Editor’s note: This story is featured in the 2023 year in review.
When detectives arrive on the scene of a murder, many questions arise.
When did the murder take place? What was the cause of death? Was the body moved?
The answers to these questions can come from an unexpected source — blowflies.
According to Jonathan Parrott, assistant professor of forensic science at Arizona State University, blowflies usually arrive on a crime scene just 10 minutes after a murder. They are drawn by body fluids and gasses associated with the decomposition of an open-air corpse, and like a fly on the wall, can reveal secrets about the homicide.
But in order to accurately answer these questions, investigators need to know the precise life cycle of the blowflies. That’s where Parrott’s research comes in.
For the past two years, the forensic entomologist has been developing one of Arizona’s first and much-needed genetic and developmental databases of forensically important blowflies to assist both crime scene investigators and the courts. The data will help determine more accurate and robust time-of-death estimations from insect evidence.
“Up until now, this data was missing from flies in Arizona,” says Parrott, who works in ASU’s New College of Interdisciplinary Arts and Sciences.
"What makes our research unique is that there has not been any DNA data alongside developmental work from Arizona blowflies available prior to our project,” says Parrott, who is also an executive committee member of ASU’s Future of Forensic Science Initiative — a transdisciplinary hub of scientists and practitioners pioneering a world-class intellectual space for forensic science.
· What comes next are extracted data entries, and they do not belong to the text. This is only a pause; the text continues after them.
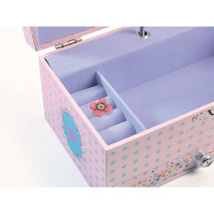 A special musical jewelry box for holding all your most valuable things; safe, secure and where you can find them. Turn the handle and open the top and it plays "Invitation to the Dance"as the ballerina spins on her stage; the song plays for 2.5 minutes. Watch the ballerina dance and spin in the mirror…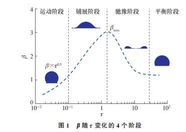 根據(jù)β隨τ變化情況,液滴碰撞分為運(yùn)動、鋪展、弛豫和平衡4個階段,如圖1所示。在運(yùn)動階段(τ<0.1),慣性力占主導(dǎo)地位,液滴上部仍保持球狀,下部鋪展成楔形邊緣,文指出該階段可忽略流體性質(zhì)影響,β隨τ呈指數(shù)上升,即β∝τb,其中指數(shù)b介于0.45到0.57之間,一般取b=0.5;在鋪展階段,受黏性力或毛細(xì)力的主導(dǎo)作用,β逐漸增至βmax,然后液滴開始回撤收縮,進(jìn)入馳豫階段;在平衡階段,液滴可能穩(wěn)定鋪展,也可能發(fā)生反彈,或者碎裂飛濺。本文主要針對運(yùn)動階段和鋪展階段進(jìn)行研究。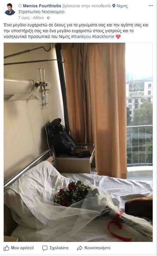 Εξιτήριο πήρε ο Μένιος Φουρθιώτης, ο οποίος πριν από λίγες μέρες είχε μεταφερθεί εσπευσμένα στο νοσοκομείο, εξαιτίας ενός προβλήματος που είχε με το στομάχι του. Ο παρουσιαστής θέλησε να ευχαριστήσει δημόσια τους γιατρούς και το νοσηλευτικό προσωπικό του νοσοκομείου, καθώς και τους διαδικτυακούς του φίλους για τις ευχές τους.
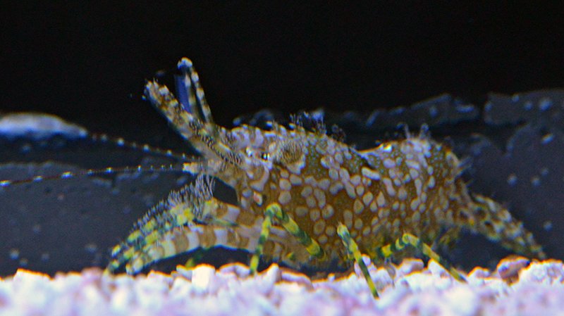 هنگامی که میگو مرمری وارد آکواریوم می شود، به مکانی تاریک نیاز دارد تا در آن پنهان شود. پس از سازگاری، در طول روز شروع به پرسه زدن می کند. معمولاً در کنار صخره های مرجانی در پایه صخره یافت می شود. میگوی مرمری نسبت به سطح مس یا نیترات بالا حساس است و تحمل نمی کند. همچنین این میگوی دریایی برای پوست اندازی ایده آل به سطح مناسبی از ید در آب نیاز دارد.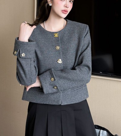 • [홍콩명품.CHANEL] 샤넬 25SS 로고 여성 울 라운드넥 자켓 (그레이), BM23291, MC, 레플리카의류,미러급사이트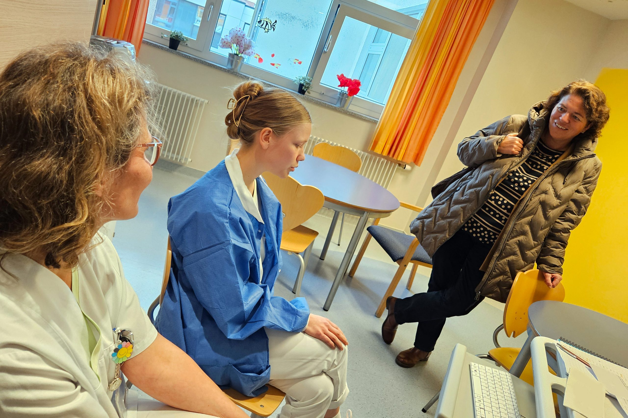 Zum Abschluss ihres Besuchs besuchte Kerstin Vieregge die Kinderklinik. Dort traf sie Ausbildungskoordinator Tim Röwekamp, Praxisanleiterin Dorothea Kessel und eine Auszubildende im dritten Lehrjahr. Die angehende Pflegefachfrau berichtete von ihrem Arbeitsalltag und den aktuellen Herausforderungen. „Ich würde die Ausbildung jederzeit weiterempfehlen. Nach meinem Examen beginne ich mein Berufsleben am Klinikum Lippe“, sagte sie.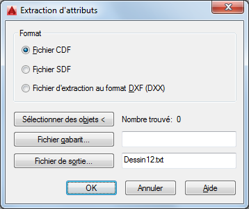 Spécifie le format de fichier des informations d'attribut, les objets à partir desquels vous voulez extraire des informations, ainsi que les noms du gabarit et du fichier de sortie.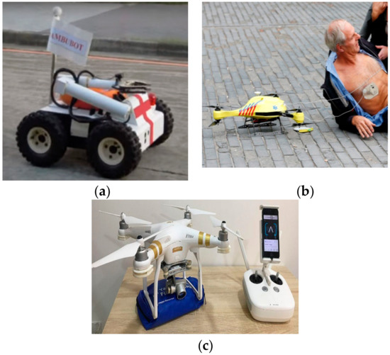Ambulance robots. (a) Ambubot [39]. (b) Automated External Defibrillator (AED) for patient recovery [40]. (c) Drone carrying a first aid kit (blue) controlled by a smart phone [41].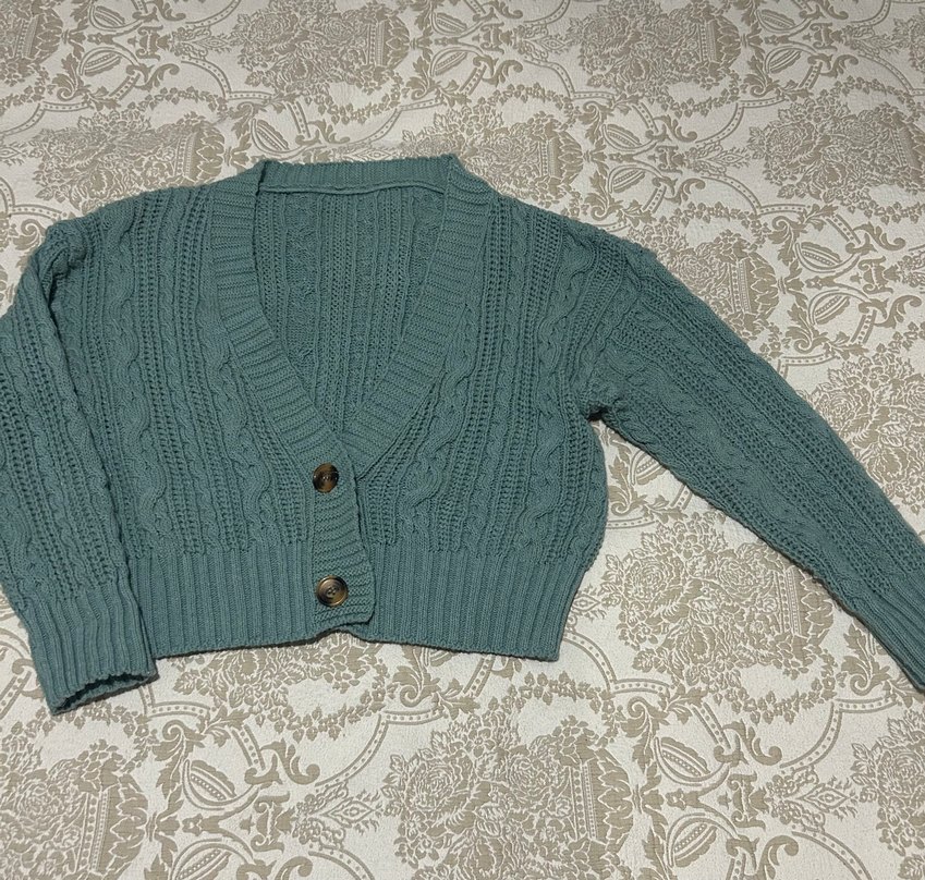 Gri renkli, V yakalı, uzun kollu ve örgü kumaştan yapılmış bol kesim bohem tarzda hırka. Normal midi boyda ve iki düğmeli.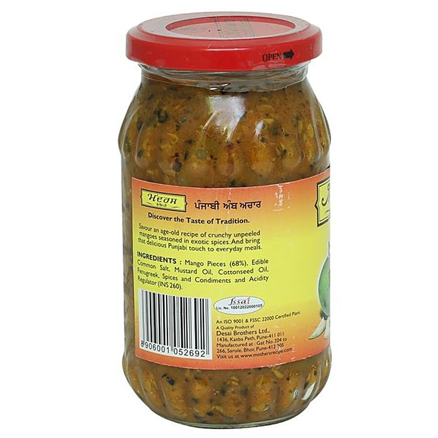 Mother's Recipe Pickle - Punjabi Mango is prepared in Punjabi style. It is made using high-quality mangoes and additional ingredients, resulting in a spicy taste. The mangoes are dried under the sun, mixed with seasoning, and transformed into this delightful Punjabi delicacy.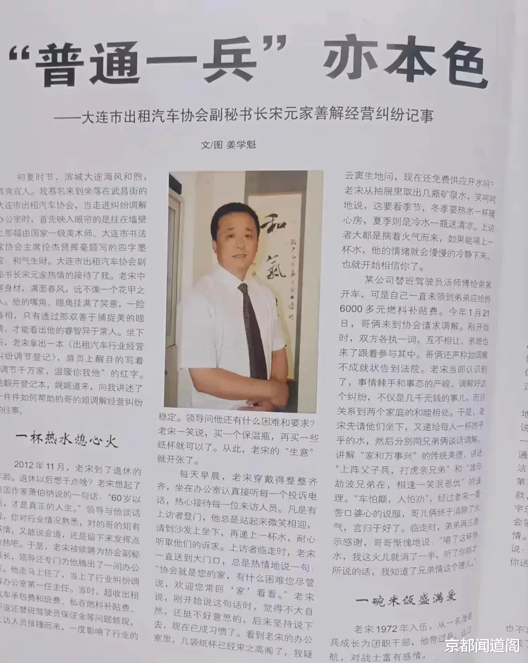 2012年11月,办理完退休手续后,我依然坚持为《中国出租租赁汽车》撰稿。《总理夸她“半边天”》《“党员的哥”棒棒哒》《厉害了,“的士产房”》等多篇有影响力的稿件,都是在这一时期发表。更让我意外的是,以前我总习惯写别人的故事,退休后竟也成了被宣传的对象。当时,我被返聘从事行业维权工作,《大连日报》新闻管理部主任姜学魁得知我在调解经营纠纷中积累了些许经验,特意登门采访,写下《“普通一兵”亦本色》一文,发表在《中国出租租赁汽车》(2015年第四期),还配发了我的照片。后来,这篇专访又被《东北之窗》(2015年第八期)重发,标题改为《的哥的姐的好大叔》。

“We are cataloging both morphological and genetic data."
Video by Ken Fagan/ASU News
Although it is a relatively new technology, Parrott says, “DNA is the gold standard in forensic science.”
“Having this type of data will strengthen forensic entomology in the criminal justice system."
Using blowflies to solve murders is nothing new. According to the Chinese book "Collected Cases of Injustice Rectified," written in 1247, it dates back to 13th century China when a farmer was killed by a sickle. Villagers were asked for their sickles, and the murderer was discovered when swarms of flies descended upon the small traces of blood on one sickle.
Science has evolved since then, but one question remains — how does a blowfly crawl its way into a forensic murder investigation?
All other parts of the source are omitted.